You tried dating for a little while after your boyfriend died, but most of the guys you met were jerkoffs. So you spent a few weeks descending into the mad sciences of reanimation (you can take a course online) and you perfected the technology to bring your boyfriend back to life.
Now that he’s back, you’re glad to not have to sleep alone anymore, but after a few nights you started remembering all the things that bugged you about him (the way he picks his toenails in the bathroom with the door open, the way he’d occasionally try to make a story funnier by talking in “black voice”) and there are a whole bunch of new things he does that bug you now that he’s returned from the dead (when the black pus leaks from his eye sockets he likes lick it off his fingertip, and also his legs are really stiff so you have to wheel him around on a handtruck whenever you want to go out to dinner). You’re realizing that you painted him in kind of a rosey light when he was dead, and now you’re regretting having reanimated his corpse. It’s time to break the news to him.
"I don’t think we should see each other anymore," say to him.
"It’s all right," he’ll say, shocking you with his instant understanding. "I’m grateful that you took the time to bring me back to the living, but you deserve better than a guy who feels spontaneous electric currents pulsing through his limbs, causing him to thrash about with great force."

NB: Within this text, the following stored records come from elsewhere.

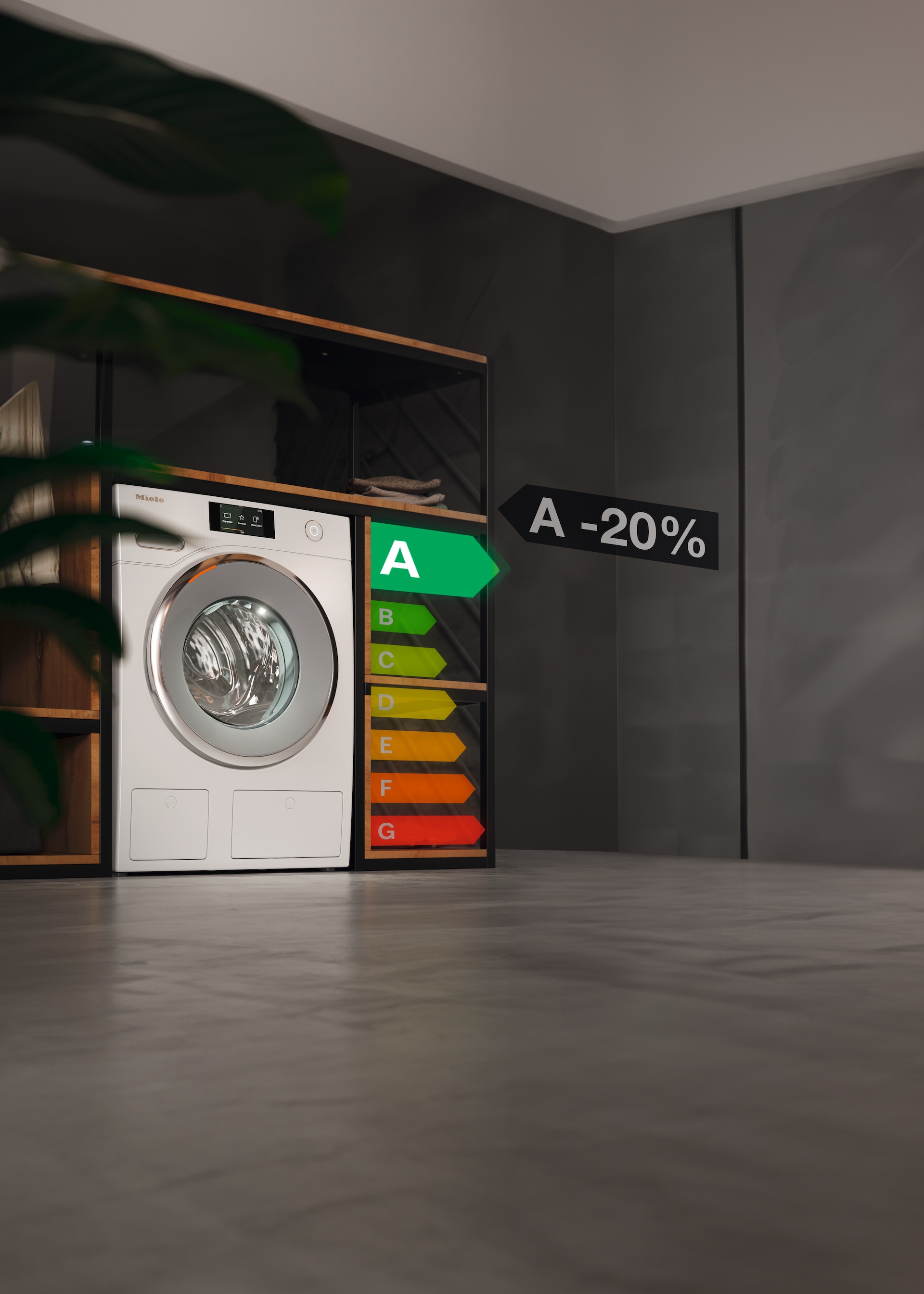 Miele washing machines have been specifically designed to cut down on water and energy consumption. This means that some models save as much as 20 % [10] more than the highest energy efficiency class, A. So you benefit from first-class energy and water efficiency with outstanding wash results and short programme running times.
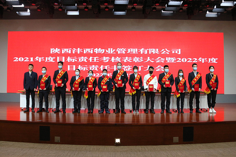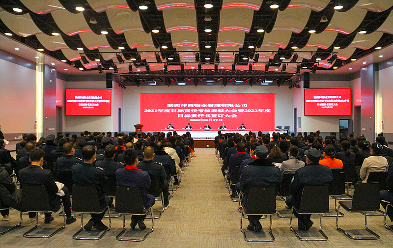 2月17日上午,灃西集團物業公司召開2021年度目標責任考核表彰暨2022年度目標責任書簽訂大會,集團總經理、物業公司董事長姜勤發出席會議并講話,物業公司全體領導班子成員、職能部門員工、各項目員工代表、獲獎員工代表參加會議。
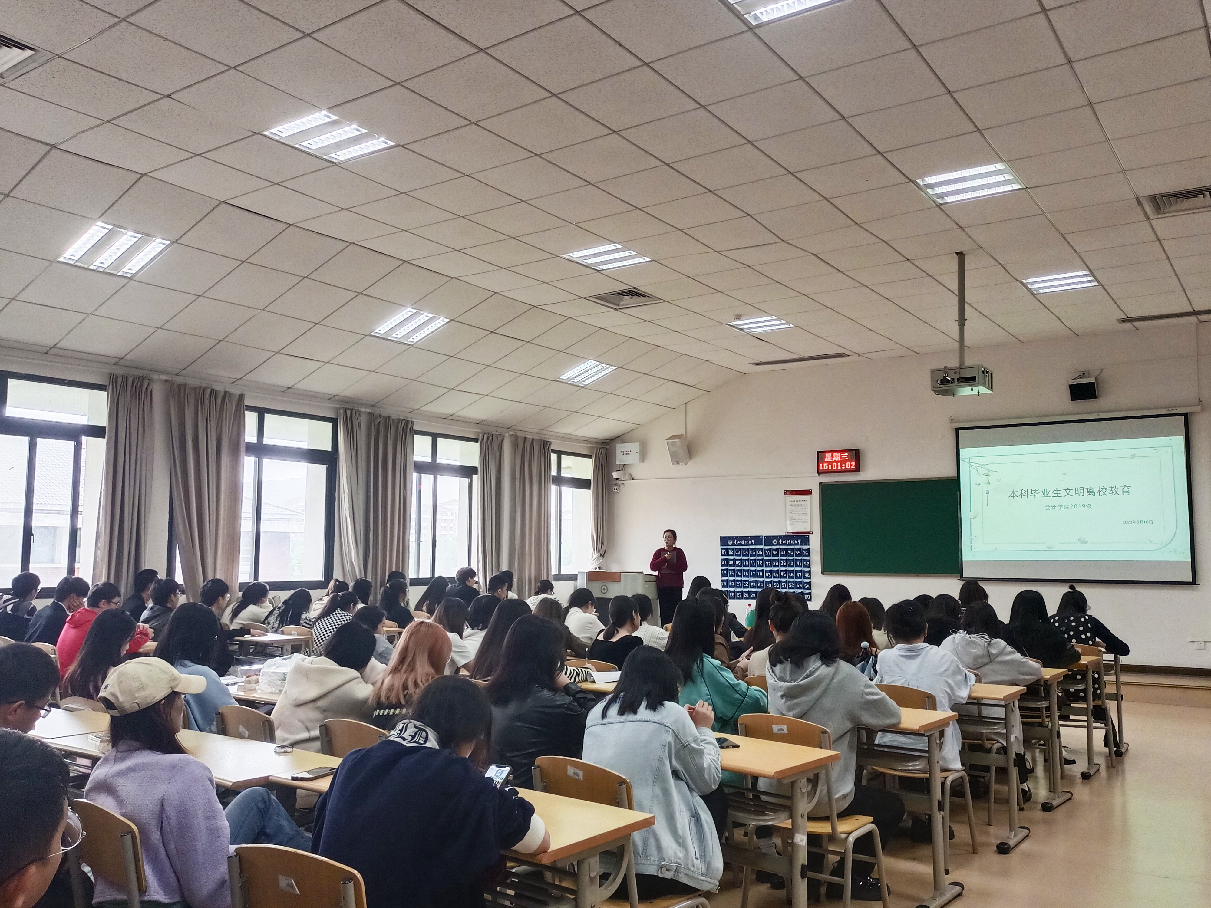 在崇德楼512教室举行2019级本科生文明离校教育,学院共计276名本科毕业生到场参加,辅导员蒲亚晴担任主讲人。

"Wow," you’ll say. "You are just…such a great guy. I was really worried—"
Just then one of those pulses of electricity will cause his right arm to swing out wide, knocking your head off of your neck as easily as if you were a plastic doll. He will mourn you briefly, then he will trudge off to a castle and wait to be hunted for having popped the head off of a pretty young girl.
Happy Break Up With Your Reanimated Boyfriend Day!